Below is a listing from which only part is wanted; return exactly the lines from the one with "La 46,3% alkohola" up to and including the one with "- Beautiful Sequins".

__Dataset excerpts__:
▶
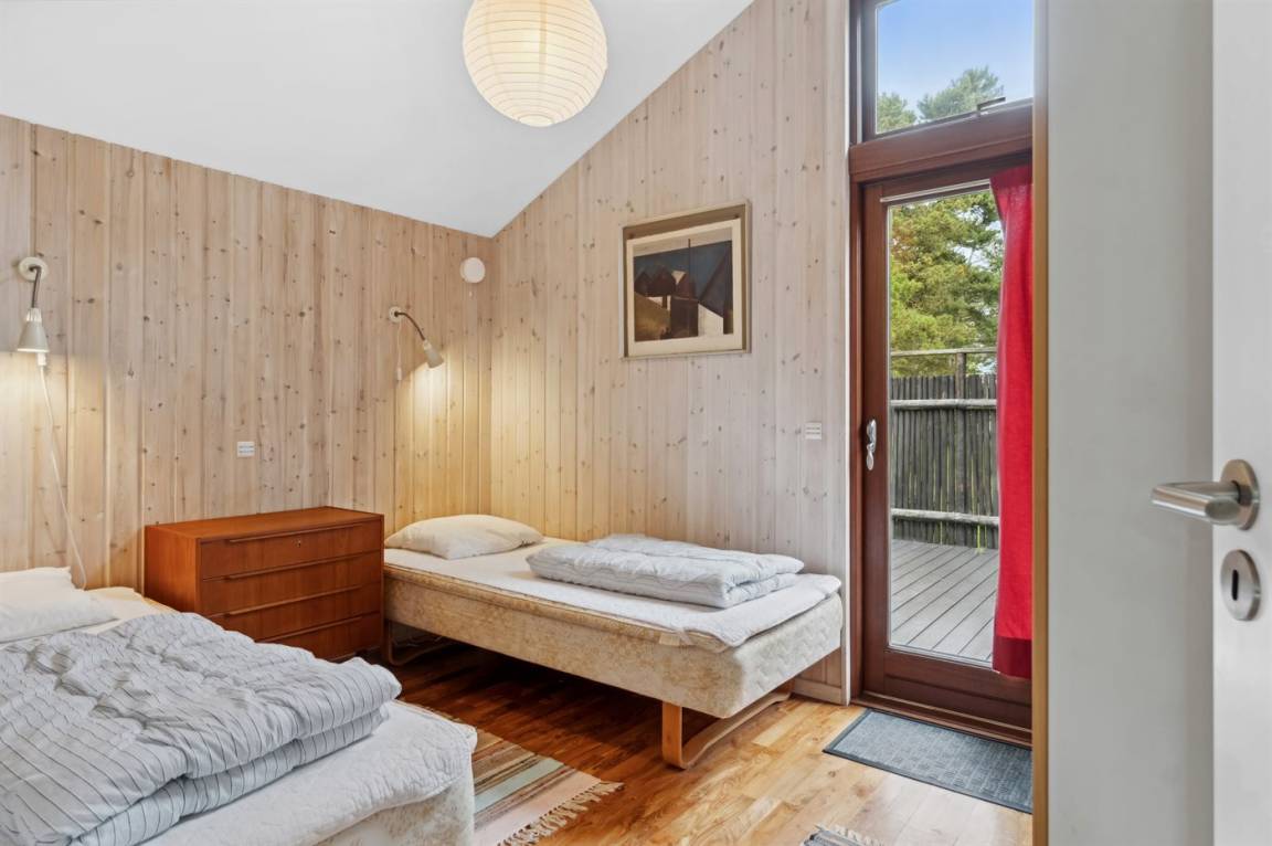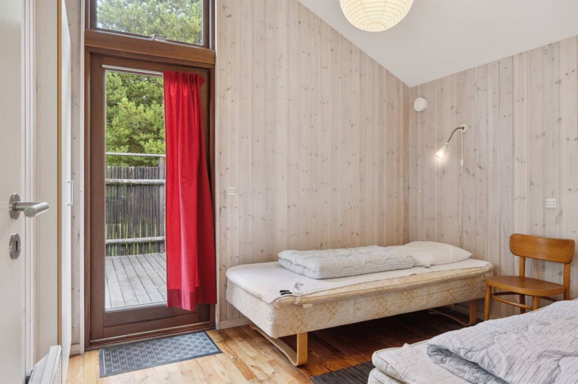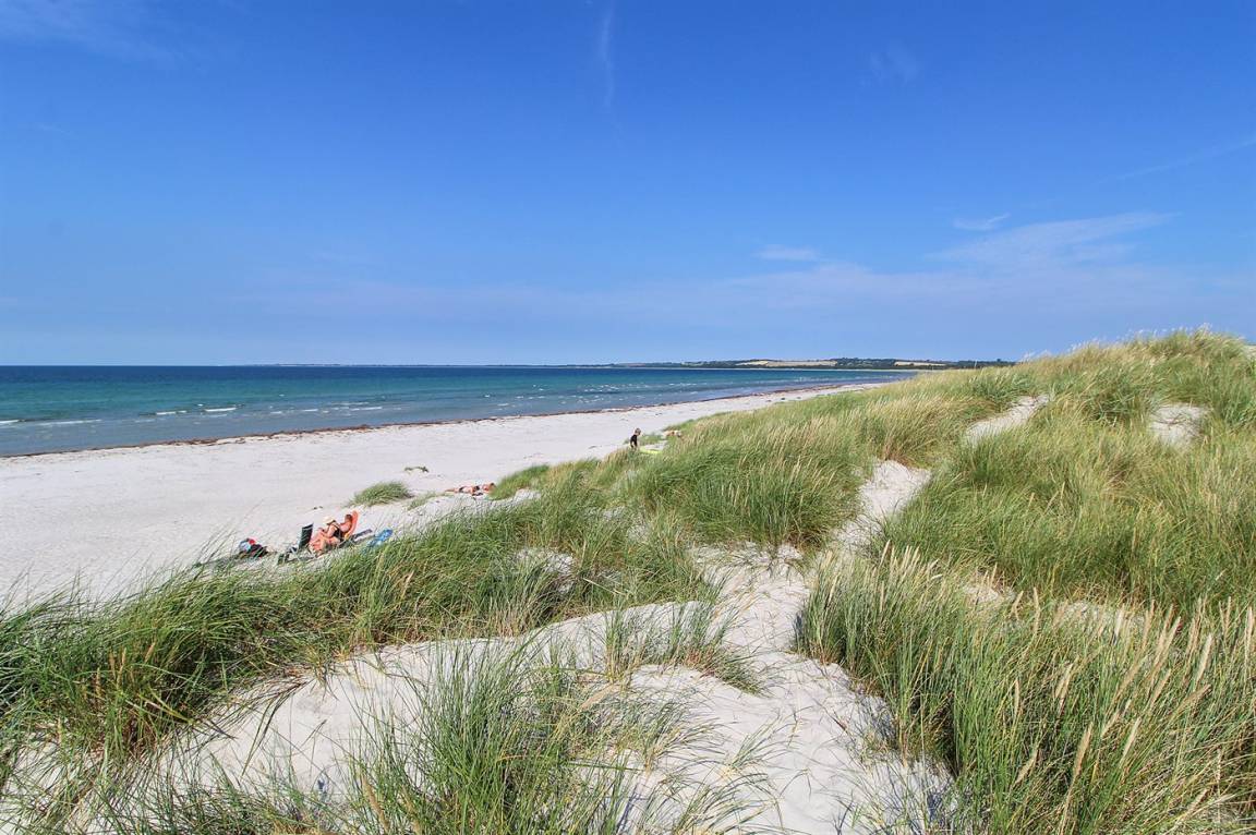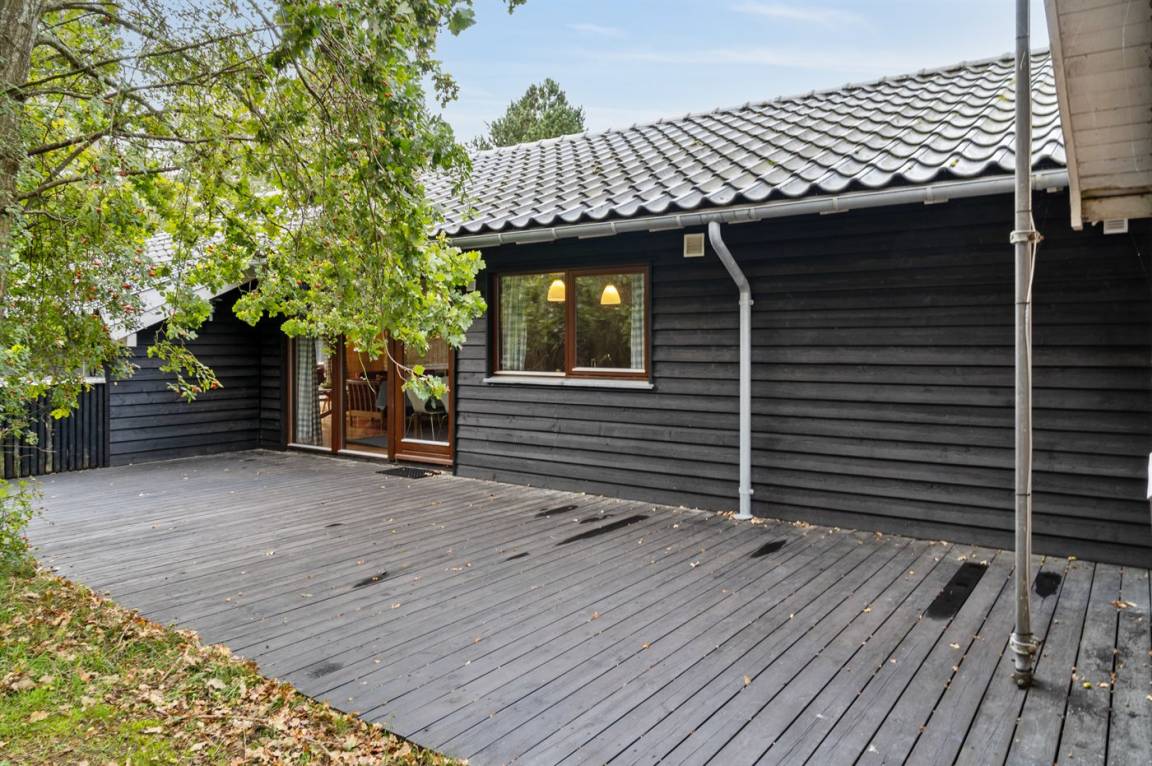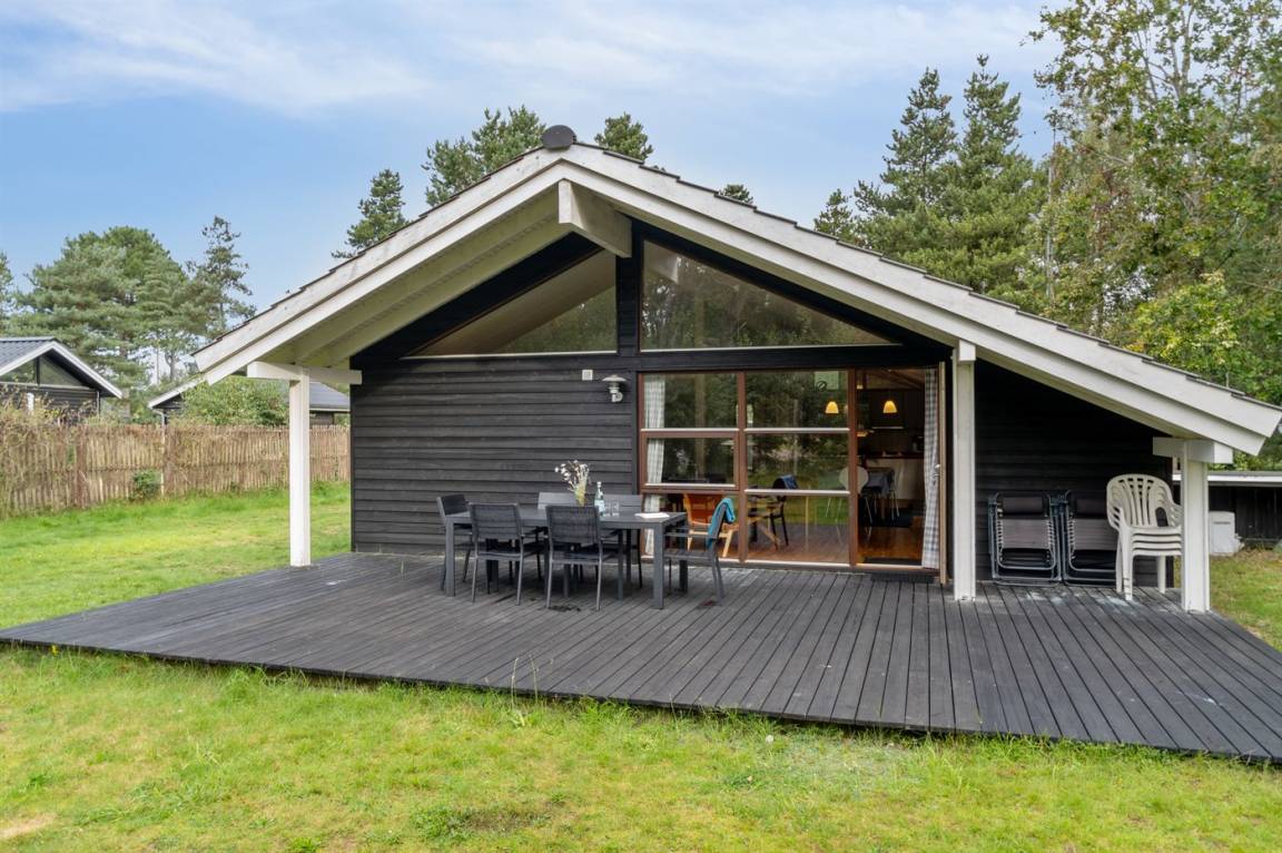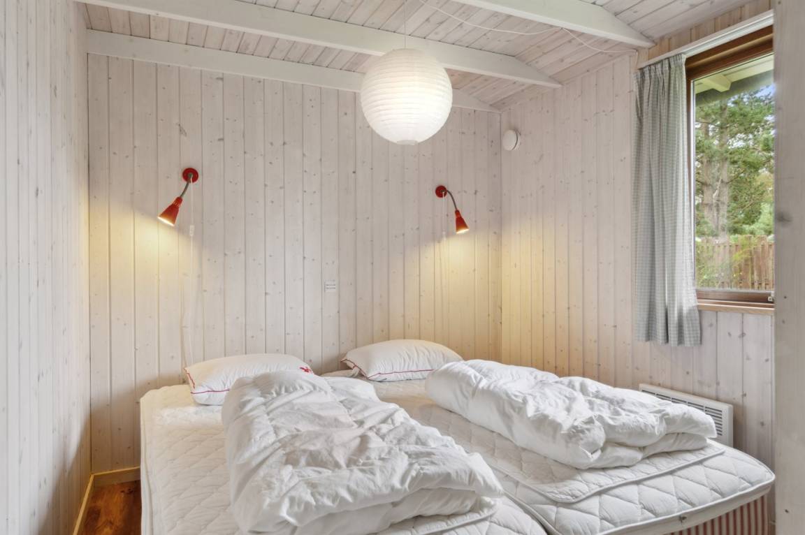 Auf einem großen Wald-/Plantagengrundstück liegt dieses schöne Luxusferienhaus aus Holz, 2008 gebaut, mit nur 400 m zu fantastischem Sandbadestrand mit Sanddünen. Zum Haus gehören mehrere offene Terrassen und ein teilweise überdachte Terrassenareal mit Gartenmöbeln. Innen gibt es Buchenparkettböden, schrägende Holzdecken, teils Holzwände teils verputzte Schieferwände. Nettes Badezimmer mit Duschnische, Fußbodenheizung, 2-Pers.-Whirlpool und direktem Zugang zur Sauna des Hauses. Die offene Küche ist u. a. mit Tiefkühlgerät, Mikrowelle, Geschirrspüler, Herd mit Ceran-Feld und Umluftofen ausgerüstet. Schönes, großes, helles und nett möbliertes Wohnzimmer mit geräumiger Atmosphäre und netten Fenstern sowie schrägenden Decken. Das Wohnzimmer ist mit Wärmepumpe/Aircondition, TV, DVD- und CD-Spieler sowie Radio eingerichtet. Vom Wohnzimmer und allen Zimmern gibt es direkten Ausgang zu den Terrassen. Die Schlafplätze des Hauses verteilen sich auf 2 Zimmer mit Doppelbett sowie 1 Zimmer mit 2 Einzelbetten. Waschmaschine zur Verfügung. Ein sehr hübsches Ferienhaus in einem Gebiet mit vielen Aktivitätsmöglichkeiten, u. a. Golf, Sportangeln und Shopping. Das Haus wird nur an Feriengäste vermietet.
◀
▶
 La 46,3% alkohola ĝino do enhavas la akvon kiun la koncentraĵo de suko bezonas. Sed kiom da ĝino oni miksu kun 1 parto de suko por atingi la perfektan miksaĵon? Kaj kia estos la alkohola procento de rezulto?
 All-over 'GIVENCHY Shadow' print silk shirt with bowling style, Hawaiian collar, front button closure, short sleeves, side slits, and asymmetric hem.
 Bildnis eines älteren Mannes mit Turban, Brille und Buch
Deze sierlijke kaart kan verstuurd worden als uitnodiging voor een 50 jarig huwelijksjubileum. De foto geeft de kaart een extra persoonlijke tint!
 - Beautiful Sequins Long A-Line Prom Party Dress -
◀
__Task result__:
 La 46,3% alkohola ĝino do enhavas la akvon kiun la koncentraĵo de suko bezonas. Sed kiom da ĝino oni miksu kun 1 parto de suko por atingi la perfektan miksaĵon? Kaj kia estos la alkohola procento de rezulto?
 All-over 'GIVENCHY Shadow' print silk shirt with bowling style, Hawaiian collar, front button closure, short sleeves, side slits, and asymmetric hem.
 Bildnis eines älteren Mannes mit Turban, Brille und Buch
Deze sierlijke kaart kan verstuurd worden als uitnodiging voor een 50 jarig huwelijksjubileum. De foto geeft de kaart een extra persoonlijke tint!
 - Beautiful Sequins Long A-Line Prom Party Dress -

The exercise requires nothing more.